Moje dzieci oswoiły swoje łóżeczko, czują się tam doskonale, bezpiecznie i mają spokojne noce i wieczory. Same sygnalizują i pokazują łóżeczko gdy są zmęczone itd. Pójście spać nie jest dla nich traumą, a przyjemnością.

Nie da się zawsze uniknąć łez dziecka, bo często trzeba robić coś, co jest słuszne i dobre dla niego, a wcale mu sie nie podoba (leki, zastrzyki, przedszkole, szkoła). Do szkoły też dziecka nie poślesz, bo będzie płakało z tęsknoty za Tobą? (ja ponoć ryczałam w zerówce jak wół i spodni taty nie chciałam puścić)!

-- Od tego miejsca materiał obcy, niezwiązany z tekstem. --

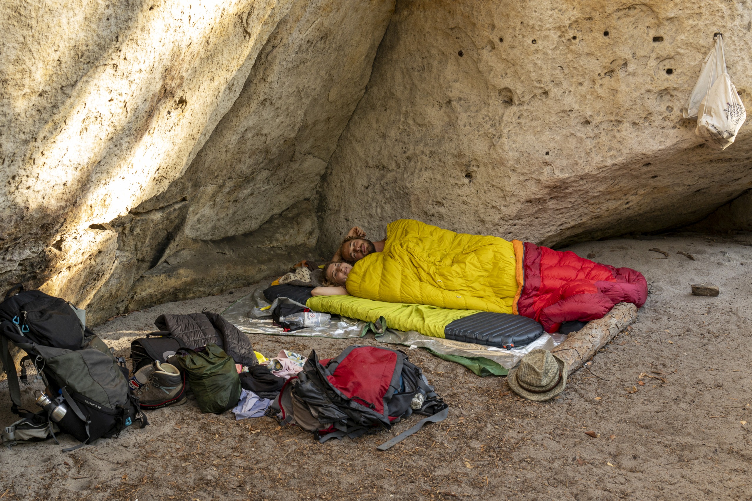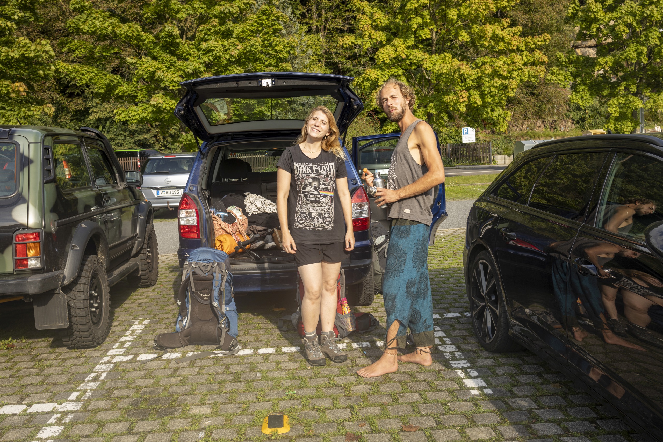 Entgegen der Wettervorhersagen entschieden wir uns, für die nächsten 4 Tage kein Zelt mitzunehmen. Wir hatten ohnehin nur das 2-Personen-Zelt im Auto und spekulierten darauf, dass wir rechtzeitig zum Regen Boofen finden würden wo wir auch über Nacht trocken wären. Da wir es nicht anders gewohnt waren, gingen wir davon aus, Quellen für Trinkwasser unterwegs zu finden und sparten beim Wasser ebenfalls am Gewicht. Matratzen, gute Schlafsäcke, Essen und Kochutensilien gehörten allerdings sehr wohl zu unserem Gepäck.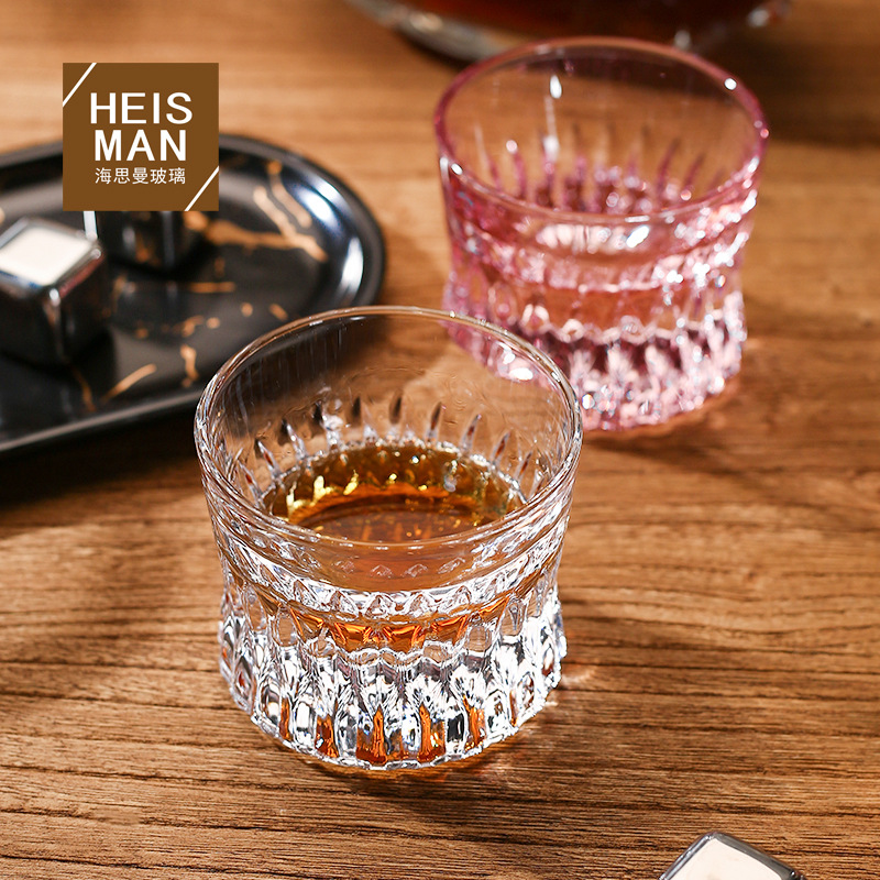 Cross-border Hesman Transparent Stripe Whiskey Glass Thickened Spirits Glass Bar Foreign Wine Glass Pink Carved White Wine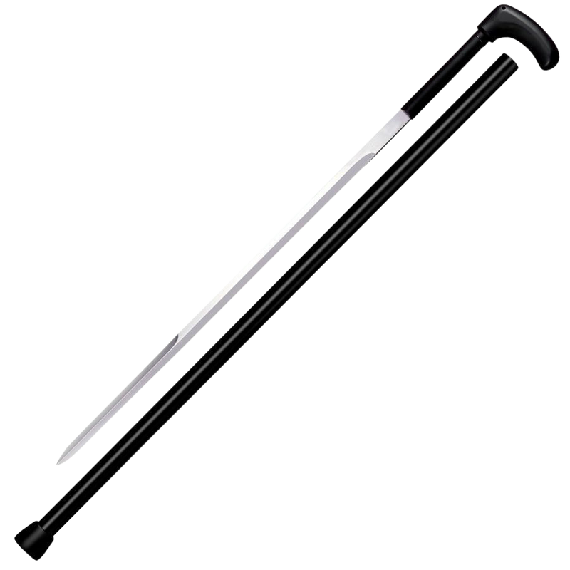 The Cold Steel Sword Cane features a 3Cr13MoV stainless steel blade with a plain edge and a black heavy-duty nylon handle. This 37.5" overall length cane combines a functional walking aid with a concealed blade design. The blade type is sword-style, weighing 26.90 oz total.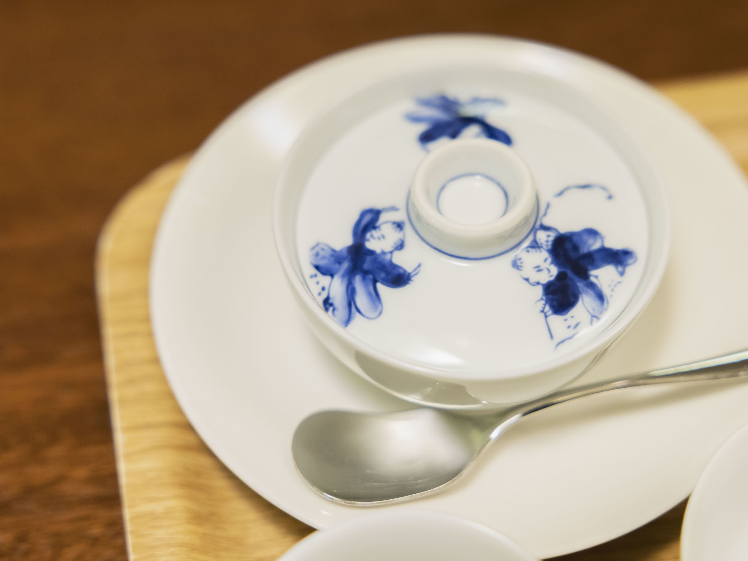 その間の時間は、お客さまと語り合うひととき。中国から日本へと伝わり、独自の文化を築いた茶の歴史を話題に花が咲きます。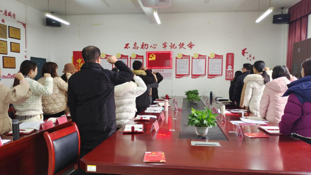 之后全体党员起立,庄严地面对党旗,重温入党誓词,回忆自己的入党过程,时刻牢记入党时的誓言。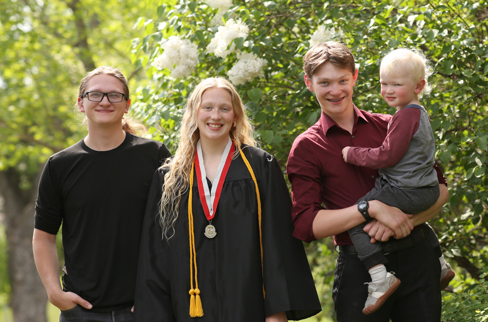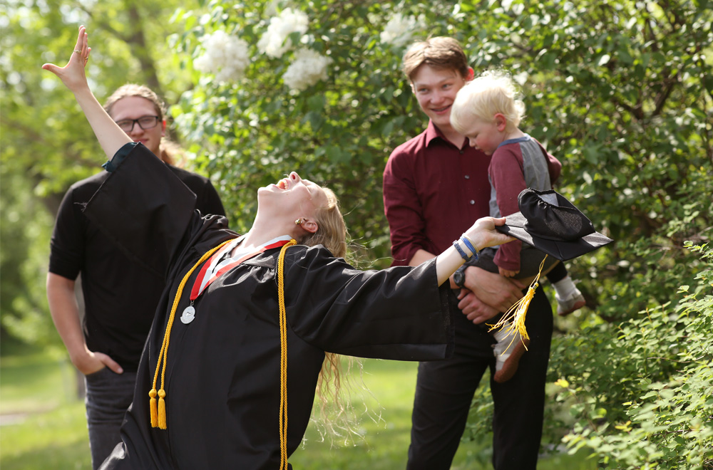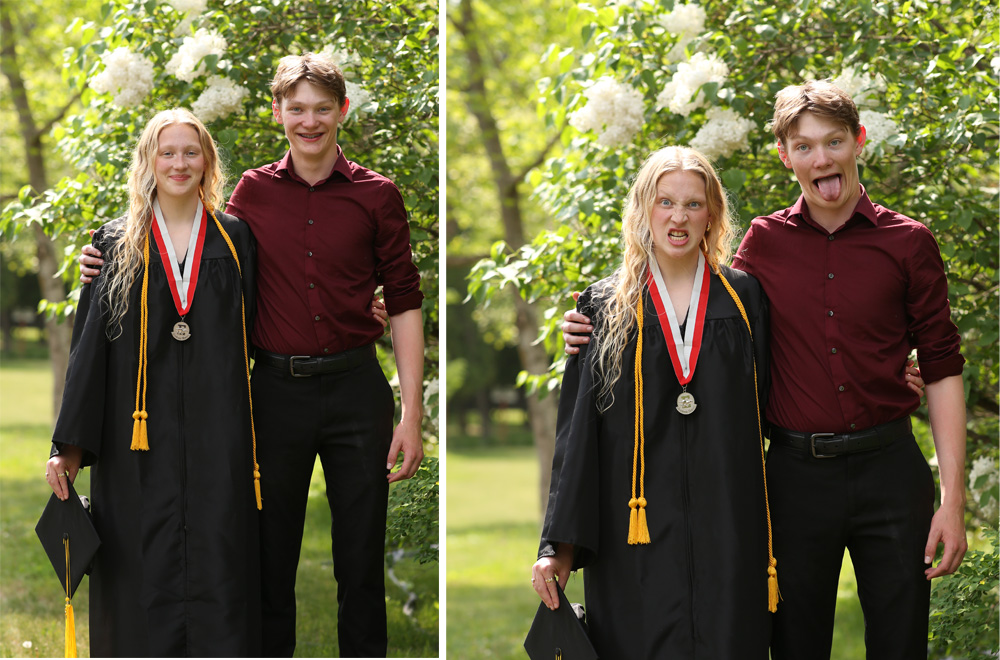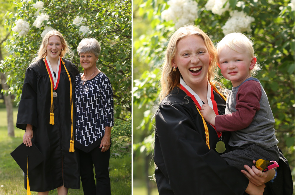 It has become a bit of a tradition to take some pre-graduation ceremony pictures in front of the white lilac bush at home before the graduate leaves for the ceremony (they have to be there super early!). Grandma Robbie made the long drive for graduation day, and we snuck Peanut Maximus in for a few images as well, even though he had just gotten up from his nap and was not very excited about anything at that moment.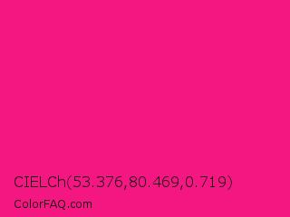 CIELCh 53.376,80.469,0.719 Color is a normal rose color and the nearest color is Fluorescent Pink #ff1493. Hex code #f41681 and RGB value is rgb(244,22,129). In RGB color space, this color is composed of 96% red, 9% green, 51% blue, In CMYK color space, this color is composed of 0% cyan, 91% magenta, 47% yellow , 4% black , In HSL color space, this color has a hue angle of 331° , 91% saturation and 52% lightness.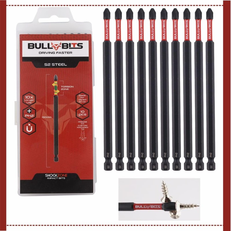 10x Bull Bits 150mm PH2 Impact Screwdriver Drill Driver Bits Set Phillips No.2 Compatible with DeWalt, Milwaukee, Bosch, Makita, and More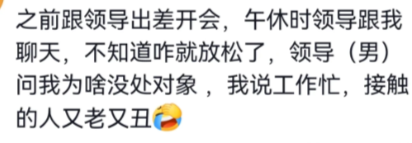 之前跟领导出差开会,午休时领导跟我聊天,不知道咋就放松了,领导(男)问我为啥没处对象,我说工作忙,接触的人又老又丑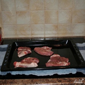 Выкладываем отбитые кусочки мяса на противень, смазанный маслом или застланный фольгой.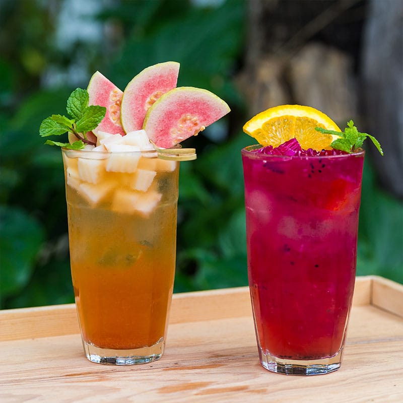 Bạn có thể trang trí thanh long đỏ cắt hạt lựu, đào tươi cắt lát và một nhánh bạc hà trên cùng để tạo điểm nhấn hoàn hảo và giúp cốc đồ uống ngon hơn, vừa uống vừa nhai cảm giác rất thú vị.

Ja uważam poprostu, że moje dzieci są teraz o wiele szczęśliwsze i spokojniejsze i polecam podjęcie trudu nauki spania!
Tatuś
Domownik
 
Posty: 302
Dołączył(a): 30 grudnia 2007, o 23:36

Postprzez kukułka » 9 lutego 2009, o 14:40

Tatuś napisał(a):
Kukułko,
Twoje dziecko przez całe życie będzie się zmagało z negatywnymi emocjami i musi się nauczyć z nimi radzić, oswoić je.
Zapewniam Cię, że dużo więcej się nacierpi i łez wyleje, jak co noc nagle zauważa, że jest sam w łóżeczku i z przerażeniem musi wołać mamę na pocieszenie.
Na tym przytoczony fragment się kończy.